Exercise brief: Set down the whole listing below exactly, without pictures.

Data block:
◆ ◆ ◆ ◆

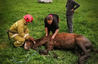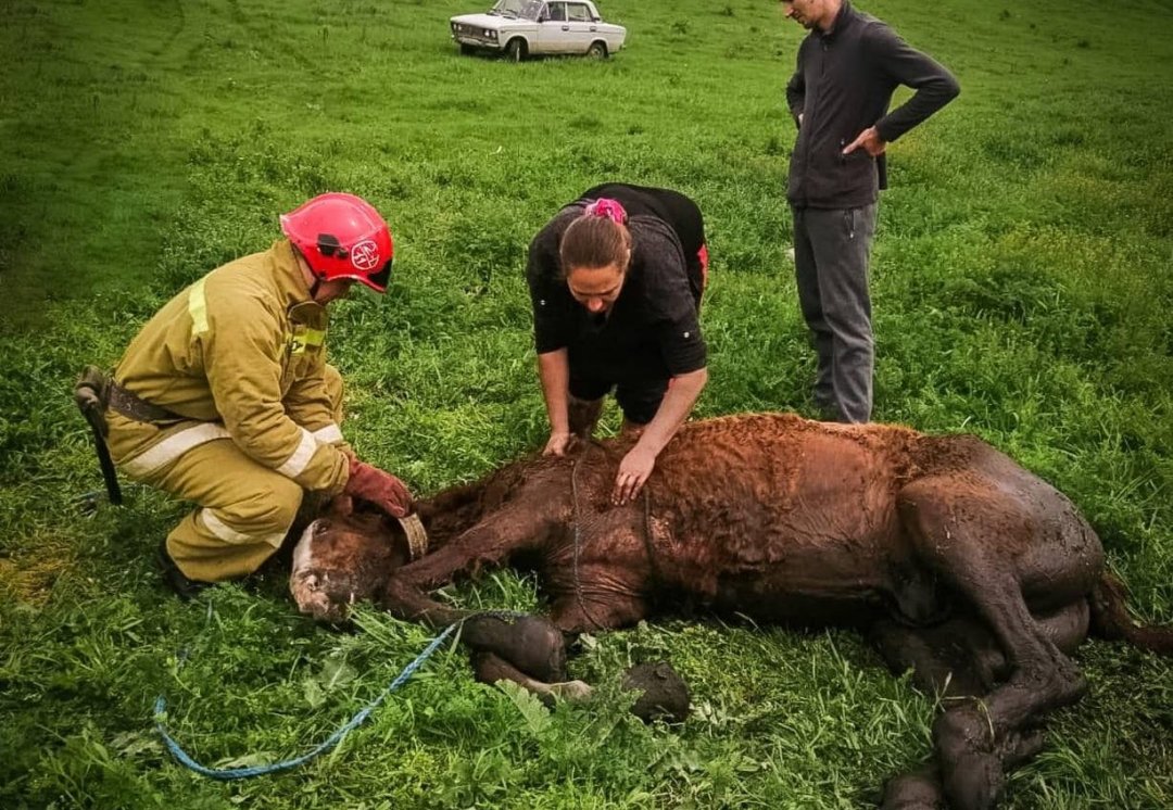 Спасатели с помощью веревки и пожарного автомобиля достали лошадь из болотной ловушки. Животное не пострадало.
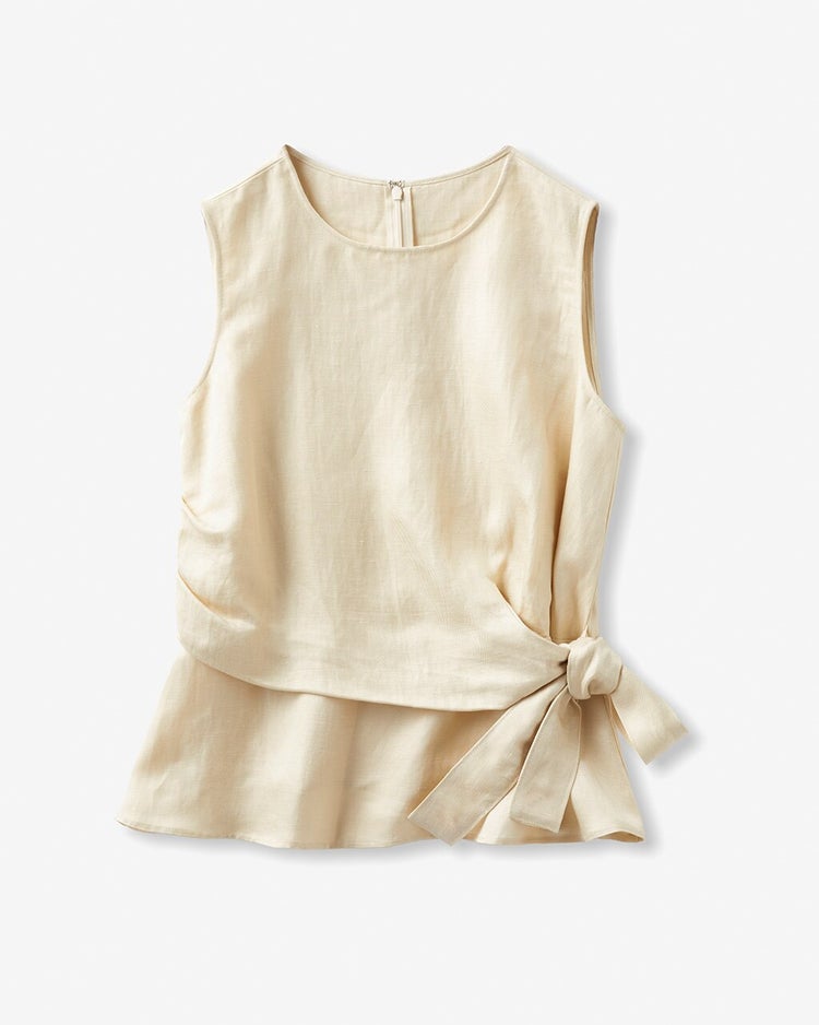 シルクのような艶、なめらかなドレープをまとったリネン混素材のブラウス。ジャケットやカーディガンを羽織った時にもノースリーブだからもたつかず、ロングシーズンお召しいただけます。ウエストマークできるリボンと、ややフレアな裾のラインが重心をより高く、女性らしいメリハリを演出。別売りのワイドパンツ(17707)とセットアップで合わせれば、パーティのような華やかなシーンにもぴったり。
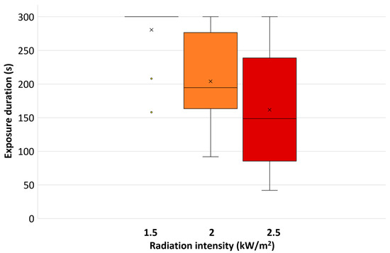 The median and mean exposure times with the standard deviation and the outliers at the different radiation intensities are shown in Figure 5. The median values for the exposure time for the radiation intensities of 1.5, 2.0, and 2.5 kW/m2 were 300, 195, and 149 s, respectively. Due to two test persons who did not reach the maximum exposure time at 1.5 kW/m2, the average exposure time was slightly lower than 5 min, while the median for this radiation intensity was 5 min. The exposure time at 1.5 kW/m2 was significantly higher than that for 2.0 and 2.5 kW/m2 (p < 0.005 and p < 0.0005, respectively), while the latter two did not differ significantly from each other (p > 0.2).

◆ ◆ ◆ ◆

Output for this exercise:
 Спасатели с помощью веревки и пожарного автомобиля достали лошадь из болотной ловушки. Животное не пострадало.
 シルクのような艶、なめらかなドレープをまとったリネン混素材のブラウス。ジャケットやカーディガンを羽織った時にもノースリーブだからもたつかず、ロングシーズンお召しいただけます。ウエストマークできるリボンと、ややフレアな裾のラインが重心をより高く、女性らしいメリハリを演出。別売りのワイドパンツ(17707)とセットアップで合わせれば、パーティのような華やかなシーンにもぴったり。
 The median and mean exposure times with the standard deviation and the outliers at the different radiation intensities are shown in Figure 5. The median values for the exposure time for the radiation intensities of 1.5, 2.0, and 2.5 kW/m2 were 300, 195, and 149 s, respectively. Due to two test persons who did not reach the maximum exposure time at 1.5 kW/m2, the average exposure time was slightly lower than 5 min, while the median for this radiation intensity was 5 min. The exposure time at 1.5 kW/m2 was significantly higher than that for 2.0 and 2.5 kW/m2 (p < 0.005 and p < 0.0005, respectively), while the latter two did not differ significantly from each other (p > 0.2).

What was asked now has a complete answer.